The Great Paper Chase
A physician, nurse, or clerk (1) uses a paper worksheet, known as a "source" document, to record information about a patient. This information is transcribed onto a formal document called a case report form (CRF). Some trials have thousands of patients, and each patient may require 100 CRFs recording various types of medical information.
Paper chronically piles up (2) at sites conducting trials. It gets lost. It gets misfiled. It gets carted to the basement of the hospital. As deadlines loom, and independent field monitors are about to arrive at the site to inspect the work, the CRFs may be processed in binges of late-night filing and double-checking.
A practice called double data entry (3) is the norm. It could make executives at Wal-Mart blanch. Each CRF is scanned or typed into a database twice by two people. Software can spot some discrepancies. But if the system receives two different values for, say, a patient's blood pressure, a third person gets involved. In many cases, the nurse (1) who originally recorded the information gets another piece of paper, a query (6), asking her to verify the questioned number.
Weeks or even months pass between when a medical fact is recorded and a question is asked about that fact. This strains the memory of every person who saw the patient. As such "queries" (6) about the data are slowly resolved, using still more paper, the data in the clinical database (4) are slowly cleaned and prepared for rigorous statistical analysis.
In the worst-case scenario, data or the patients underlying the data may be excluded if queries cannot be resolved. There are long periods of uncertainty, during which data monitors and sponsors of trials (5) have no idea about the quality of the data. As costs rise or new scientific information comes to light, it is difficult to adjust the process.
EDC Keeps Data Flowing, and Trees Growing
An electronic process may use any number of devices (1) to record clinical data, but the most common information-collection technology remains paper. PDAs, tablet PCs, phones, and other devices can upload the data directly to a database (2) on a regular basis, avoiding the need to fax documents or ship them overnight.
With paper source forms, nurses or clerks enter data themselves, often via the Internet. Software can catch basic mistakes. When the data comes directly from devices, the tools can impose a gentle coercion that keeps bad data from entering the system. Such systems can be programmed to pose a question to the nurse if, for example, a patient in a trial suddenly begins taking blood pressure medicine.

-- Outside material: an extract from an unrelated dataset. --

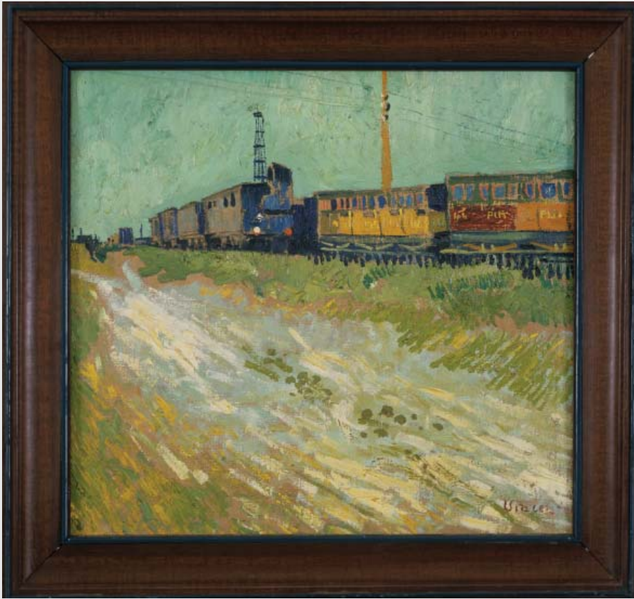
▲ 8 | Vincent Van Gogh, Wagons de chemin de fer , 1888, huile sur toile, Avignon, musée Angladon.

It may take longer to set up an electronic trial, but once it gets going the savings of time and money can be significant. Queries (4) are now handled electronically, with missing pieces of data flagged for each patient. Monitoring the progress of a site is much easier.
Electronic trials generally have fewer queries, and queries that do arise can be resolved more continuously, as the trial unfolds. This gives the data monitor (3) and sponsor of the trial a more continuous perspective on the progress of various sites.
What Regulators, Staff, and Sponsors Worry About in the Middle of the Clinical Night...
 Data Quality. At the FDA, the primary concern is the integrity of the data, whether in paper or electronic form. For now, comparing data on the same drug in different trials — or different drugs for the same disease — is difficult because it requires looking at actual paper documents or scanned versions of those documents on CD-ROM. Tracking adverse reactions to drugs could be radically improved if all the clinical data were digitally available at the FDA.
 Tools Profusion. Clinical trial administrators (CRAs) and coordinators (CRCs) may initially feel that paper is easier — and that EDC shifts work onto their already tired shoulders. That may change over time, as CRAs and CRCs become familiar with EDC, but the profusion of solutions from the vendor community means that they must often learn different application interfaces to do the same work.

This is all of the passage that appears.